Elli
I clutch the edge of the table as I feel the earth tremble yet again. It’s happened a few times this morning, and every time, from all around me, I hear people crying out with fear. My own response is to be silent, and to brace for the world to fall apart again, but these are smaller tremors and end much more quickly than the first time.
Across from me, Topias, the leader of the town council, is white with anxiety as he clutches his long brown beard, as if it were a rope that could pull him to safety. Truly, it’s a comical picture, but I have no laughter left inside me.
When the ground is still once more, I lean forward to draw his attention. “You were saying?”
He lets out a stuttery little hiss. “I was saying that the people need to hear from the temple, Valtia. They want their queen to tell them how she will keep them safe.”
“I have fire and ice,” I say. “I do not control the earth.”
He glances around at his fellow council members. “We are threatened by more than the shaking ground, Valtia.
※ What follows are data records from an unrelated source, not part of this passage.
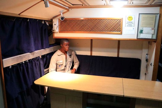 “Atenção: Espaço confinado. Não recomendado para pessoas cardíacas, com dificuldades de locomoção, claustrofóbicas ou gestantes. Em caso de mau tempo o submarino será fechado à visitação”.
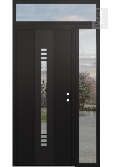 Modern Steel Front Door DIAMOND A5 48" X 96" BLACK/BLACK CLEAR GLASS PANEL BLACK RHI WITH SIDELITE AND TRANSOM CLEAR GLASS
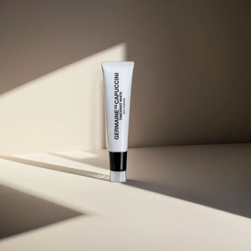 El tratamiento Spot Diminish de Timexpert White de Germaine de Capuccini está creado para tratar de forma puntual manchas oscuras del rostro, cuello, escote o manos causadas por el fotoenvejecimiento. disminuye visiblemente las ,manchas causadas por el sol y la edad y le devuelve a la piel un aspecto más brillante, luminoso y joven.
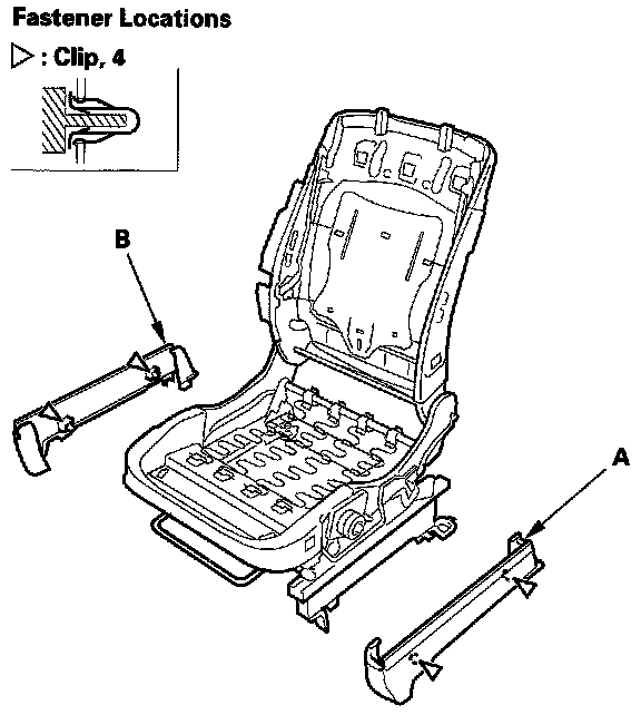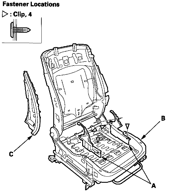 4. Remove the clips, then remove the recline inner covers (A) from the seat frame (B), and remove the module holder (C).

I thought you knew.”
“We will continue to prepare for any incursion by Soturi forces—”
“That’s not what we’re talking about at all.” Agata, the dressmaker, steps forward. “Don’t you feel it?” she asks, peering at my face. “All the other wielders seem to. An unsteadiness. A loss of control.”
Heat blooms across my skin and I hope I am not blushing. “My priests and acolytes at the temple felt it as well. That something was off with them. But I . . .” I offer as serene a smile as I can muster. “Perhaps it is the balance of my magic that protects me from this feeling.”
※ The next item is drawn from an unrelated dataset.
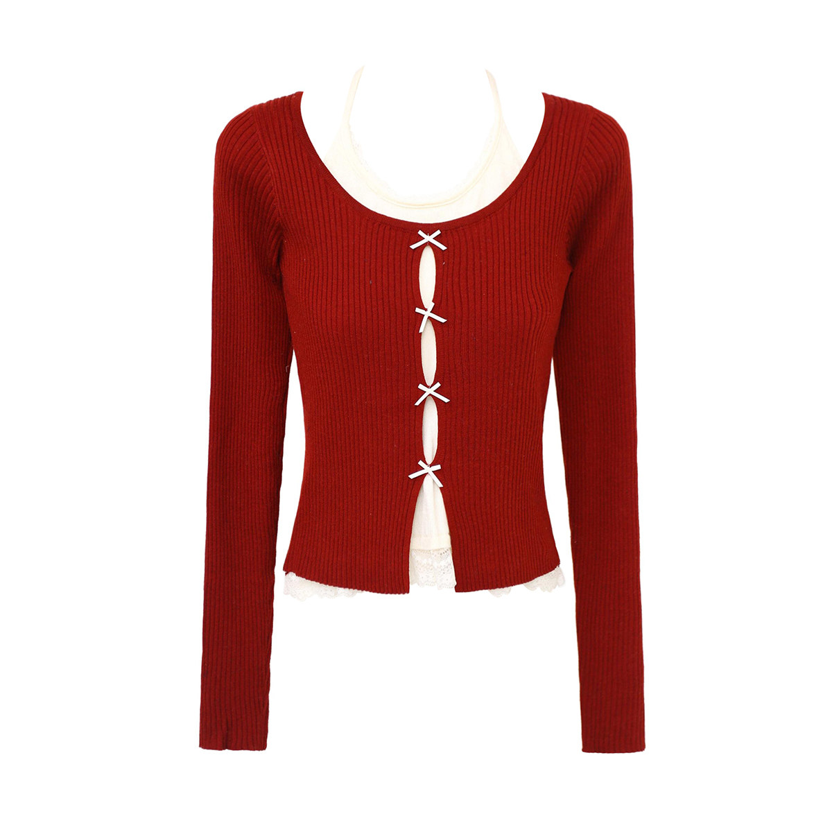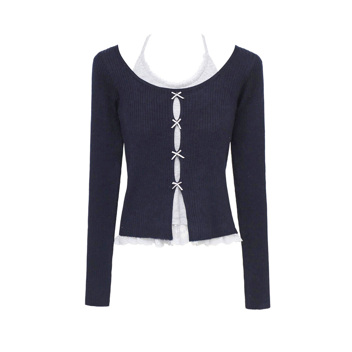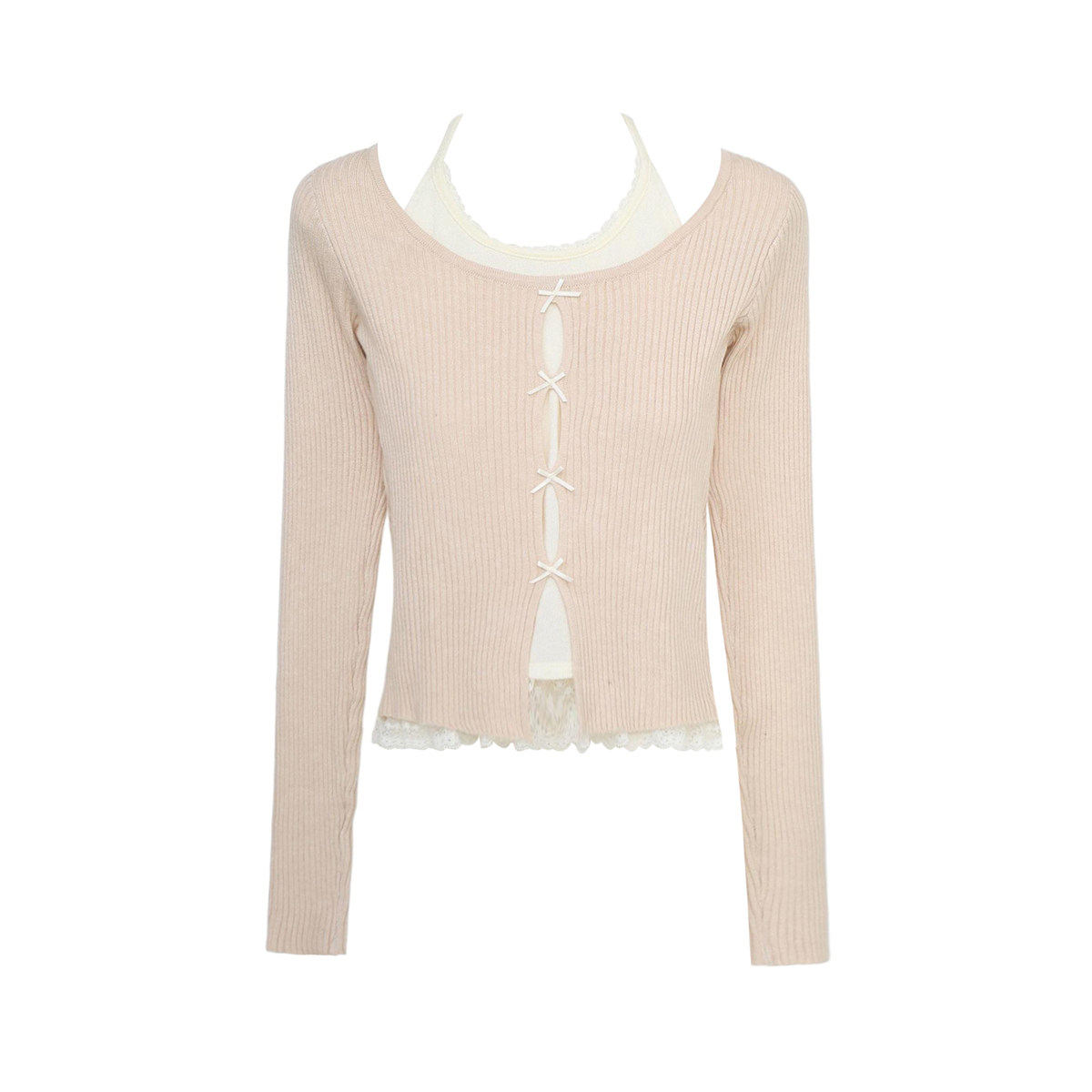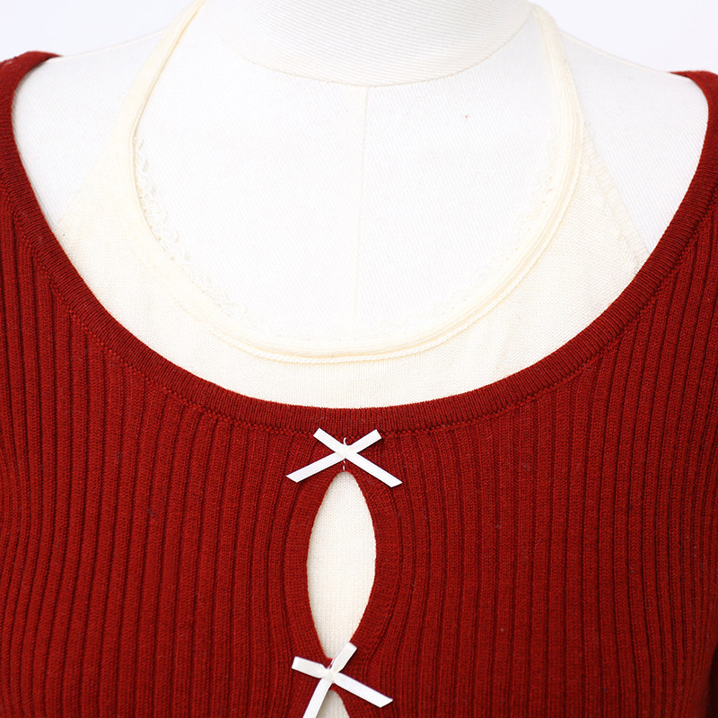 拾野森 秋装新款纯欲甜辣短款假两件蕾丝蝴蝶结挂脖长袖上衣T恤
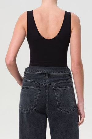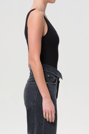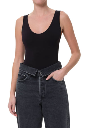 - Tora is a form-fitting tank bodysuit crafted from AGOLDE's signature second-skin fabric, offering a sleek, streamlined silhouette that molds to the body. With its minimalist design, featuring a classic crew neckline, this bodysuit is perfect for layering or wearing solo. The smooth, breathable fabric ensures comfort while its flattering fit pairs effortlessly with high-waisted jeans or skirts for an elevated, everyday look.

“There have been accidents,” Topias says. Now he is stroking his beard as if it were a nervous pet. The council medallion of heavy copper shines dully on his chest, and it is a reminder that we may have done this to ourselves. “Wielders have . . . done damage.”
“Please be specific,” I say. “Let us be straight with each other.”
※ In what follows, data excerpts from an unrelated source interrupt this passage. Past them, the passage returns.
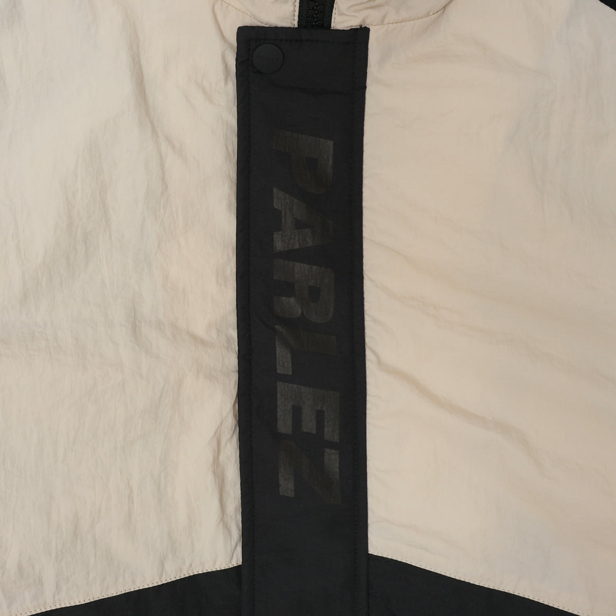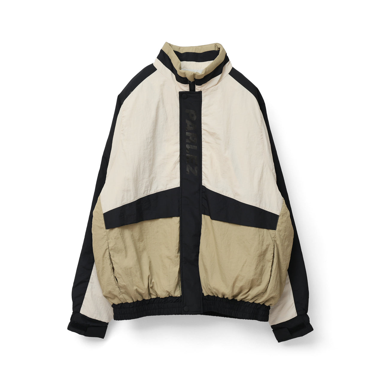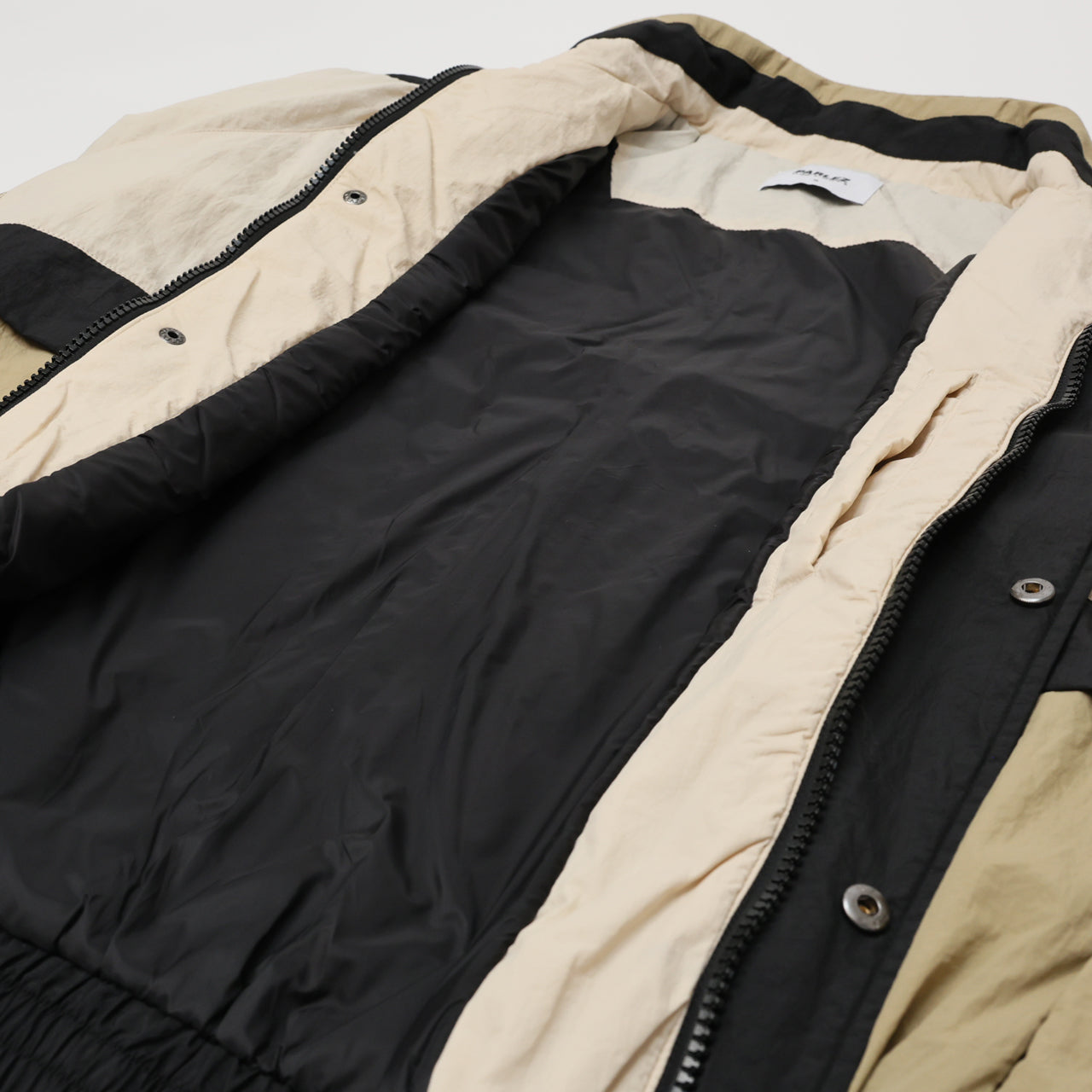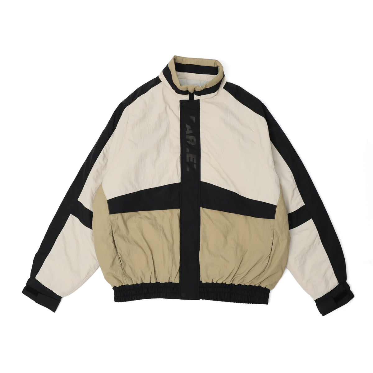 シェル素材のスラロームジャケット。100%リサイクルナイロンにエコフィルパディングを施した、軽やかな中綿入りのトラックジャケット。スナップボタン留めのプラケット付きツーウェイジップ、カラーブロックのパネル、ファネルネック、調節可能なバンジーコードヘムが特徴。背面とフロントのジッププラケットにはブランドロゴがプリントされています。
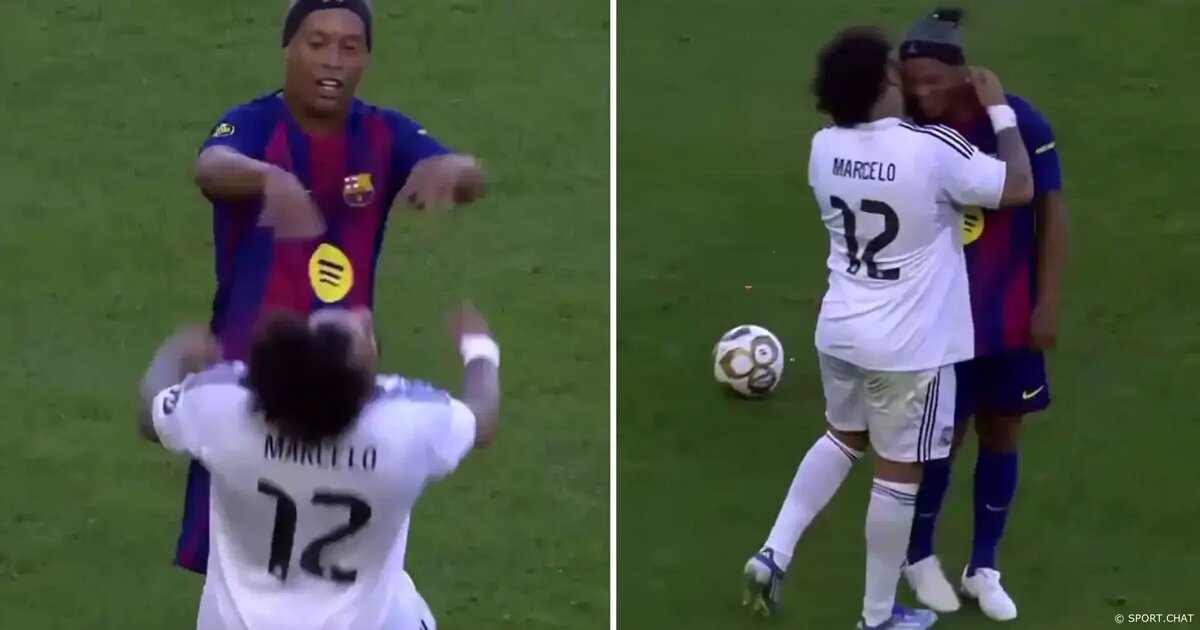 Во время матча легенд между Реал Мадрид и Барселона в Лос-Анджелесе болельщики стали свидетелями шуточного эпизода с участием двух бразильцев — Марсело и Роналдиньо. Когда «Реал» готовился разыграть мяч со своей половины поля, Марсело подошёл к стандарту. В этот момент Роналдиньо с улыбкой приблизился к нему и слегка подтолкнул. Защитник ответил демонстративным падением, словно это был решающий эпизод настоящего «Эль Класико», а не товарищеская встреча ветеранов. Эпизод вызвал смех на трибунах: спустя несколько секунд Марсело поднялся, а футболисты обменялись объятиями под аплодисменты зрителей. Сцена стала символом атмосферы матча — принципиальное соперничество, которое в своё время определяло эпоху, теперь уступило место дружбе и уважению. Несмотря на прошлые ожесточённые противостояния в чемпионате Испании, в игре легенд на первый план вышли юмор и взаимная симпатия.
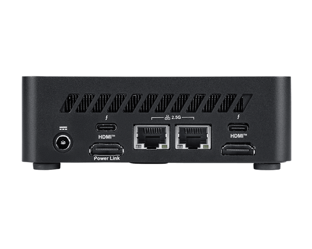 Ein weiteres praktisches Detail: Über die Funktion MSI Power Link kann der Mini-PC direkt über kompatible MSI-Monitore eingeschaltet werden. Das ist besonders nützlich bei einer VESA-Montage, bei der das Gerät platzsparend auf der Rückseite eines Monitors befestigt wird.

Agata puts her hands on the table, and I gaze down upon her spindly fingers and the glittering rings that decorate them. “An ice wielder killed the child she was minding this morning. Froze him in her arms.”
I put my hand over my mouth and swallow back a wave of sick. “How horrible.”
“It was the youngest son of Yrian, the blacksmith. The wielder—her name is Ivette—she claims she did not know she was a wielder until that moment, but no one believes her.”
I bite back a comment about how I could not blame her if she were hiding her ability. Until several weeks ago, wielders either escaped to the outlands—or were taken to the temple to serve. No one had much of a choice. Very few wielders have revealed themselves to their fellow citizens, who cannot always suppress their fear and suspicion. To them, wielders belong in the temple, unseen, toiling in the service of their people. “Is she safe?”
“Is she safe?” Agata folds her arms over her bosom. “What about the boy she killed?”
“That is a tragedy, but I cannot raise him from the dead. It sounds like a tragic accident—and I’d like to make sure there is only the one victim.”
“Then control your wielders!” The words burst from Topias in a spray of spittle, and he uses his velvet sleeve to wipe it from his lips. “Appear in the town square and tell them to reveal themselves! Invite them to the temple or figure out some other way to bring them to heel!”
“I can appear before the people, but I will not ask frightened wielders to step forward in the midst of a potential mob,” I say, taking care to keep my voice steady. “That is not the way to quell anyone’s fears. Magic will spring forth to protect the wielder—the last thing we need is our people attacking each other. It wouldn’t go well for anyone.”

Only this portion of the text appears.